Une famille ordinaire américaine, les Keller, après la Seconde guerre mondiale. Ils avaient deux fils, tous deux partis combattre, et l'un d'eux, Tom, a disparu pendant le conflit. Bien que Chris, le fils survivant, et Joe, le père, soient persuadés de la mort de Tom, la mère, Kate, s’obstine à attendre son retour. Et l'on apprend que Chris va épouser Anne, l'ancienne fiancée de Tom - tous deux sont tombés amoureux. J'ai très vite songé au film Still walking de Kore-eda, qui démarre sur des bases assez identiques, et dont le nœud est la mort du fils aîné et ses conséquences sur la famille. Mais rien de tel ici, parce qu'avant d'être un drame familial, Ils étaient tous mes fils est un drame profondément social.


Petit à petit, il s’avère que quelque chose couve depuis des années au sein de cette famille. L'acte I dévoilera, par petites touches, que Joe Keller, qui dirigeait une usine d'armement avec son associé (le père d'Anne), fut accusé pendant la guerre d'avoir laissé passer des culasses défectueuses qui, tenues pour parfaitement exploitables, furent montées sur des avions et causèrent la mort de vingt-deux pilotes. Joe, acquitté au détriment de son associé, qu'on a envoyé en prison, raconte la chose de façon plutôt légère : il a été injustement accusé, le père d'Anne a cherché à lui faire porter le chapeau, on l'a conspué, mais il n'en veut à personne et tout est rentré dans l'ordre. Sauf qu'à la toute fin de l'acte, le frère d'Anne, avocat, annonce qu'il vient se joindre à la petite réunion familiale... C'est donc à l'acte II, plus court mais plus intense, que va se démêler l'écheveau : Joe est le véritable responsable de l'escroquerie des culasses. Et l'acte III, encore plus court, trouvera sa conclusion dramatique, mais inévitable.

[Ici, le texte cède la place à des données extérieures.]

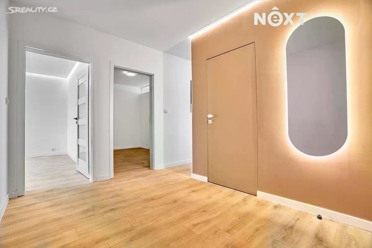 Nabízíme k prodeji prostorný byt v osobním vlastnictví, o dispozici 2 + 1 s lodžií, který se nachází na 8. nadzemním podlaží panelového domu s euro výtahem, s celkovým počtem osmi nadzemních a jednoho podzemního podlaží. Díky své poloze v nejvyšším patře nabízí nádherný výhled na okolí. Byt má celkovou plochu 67 m2 a podlahovou plochu 61 m2, což poskytuje dostatek prostoru pro pohodlné bydlení - dva menší pokoje vznikly přepažením jednoho velkého, celkem tedy byt nabízí 3 samostatné pokoje. K bytu náleží sklep. Byt prošel kompletní, velmi vkusnou, nákladnou rekonstrukcí. Kuchyňská linka je zařízena vestavnými elektrospotřebiči (sklokeramická varná deska, elektrická trouba, digestoř, mikrovlnná trouba, myčka nádobí) a skýtá dostatek úložného prostoru, položeny kvalitní plovoucí podlahy, koupelna se sprchovým koutem a toaletou s bidetovou sprchou, v celém bytě je instalováno led osvětlení.Byt není zařízen nábytkem - k inzerci tedy připojujeme fotografie vizualizací pokojů s možným zařízením nábytkem. Dům je součástí příjemného sídliště, které poskytuje veškerou občanskou vybavenost a pohodlné bydlení v klidném prostředí. Lokalita je také velmi dobře dostupná díky blízkosti MHD a autobusových spojů, což umožňuje snadný a rychlý přesun do centra města. Tento byt je ideální volbou pro ty, kteří hledají luxusní bydlení v kombinaci klidu, dostupnosti služeb a dobré dopravní infrastruktury. Doporučujeme osobní prohlídku nemovitosti. Pro komunikaci uvádějte evidenční číslo zakázky N110968.

Arthur Miller avait précisé à propos de cette pièce que, si elle portait un message en termes de moralité, il ne s'agissait pas ici de bien ou de mal. Ce qui est pointé du doigt, ce sont les compromis moraux que chacun fait plus ou moins avec ses propres principes - et dans le cas de Joe Keller, c'est plutôt plus que moins -, les mensonges que l'on se raconte pour justifier ces compromis, et la volonté d'en profiter en toute impunité, sous prétexte qu'on veut gagner de l'argent pour sa famille, par exemple ; qu'y a t-il, ma foi, de mal à ça ? Joe Keller n’envisage pas un instant de subir les conséquences de ses actes. Pourtant, les conséquences sont là et bien là, sous ses yeux (et il n'a pas fini d'en découvrir les douloureux méandres) : le père d'Anne est en prison à sa place et des pilotes sont morts. Et puis il y a Anne, qui n'a jamais voulu croire à l'innocence de son père, Chris, qui a toujours cru les yeux fermés à la moralité du sien, et Kate, la mère, qui pressent toute cette malhonnêteté et qui cherche à protéger la famille avant tout, ne supportant pas la désagrégation de toutes ses valeurs, niant tout ce qui la dérange et l'empêcherait de vivre. Mais au-delà, il y a cette société américaine qui s’est enrichie avec la guerre, cette société de consommation qui met le profit par-dessus tout et pousse ses citoyens à faire fi des valeurs d’honnêteté et autres broutilles - chacun portant une part de responsabilité dans cette absence de moralité indécente, mais tellement courante qu’elle est devenue une habitude, voire une règle de vie.


On a beaucoup parlé de l'influence d'Ibsen à propos du théâtre de Miller, et lui-même s'en est expliqué (en disant que c’était tout à la fois vrai et faux) : dans Ils étaient tous mes fils, la construction de la pièce ressemble effectivement assez à celle d'Une maison de poupée, par exemple. Lorsque débute la pièce, tout est déjà lancé, le drame est déjà joué, et ce qu'il reste à voir, c'est la façon dont les personnages en souffrance vont se tirer d'une situation quasiment inextricable. Le langage, les personnages, le cadre ordinaires vont de plus plonger le lecteur directement dans une intrigue qui va rapidement leur sembler familière, et dont les tenants et les aboutissants, s'ils ne leur sont pas donnés d'emblée, vont leur apparaître, effrayants, dans toute leur essence.


Miller, dramaturge engagé ? Oui, sans aucun doute, et c'est tant mieux.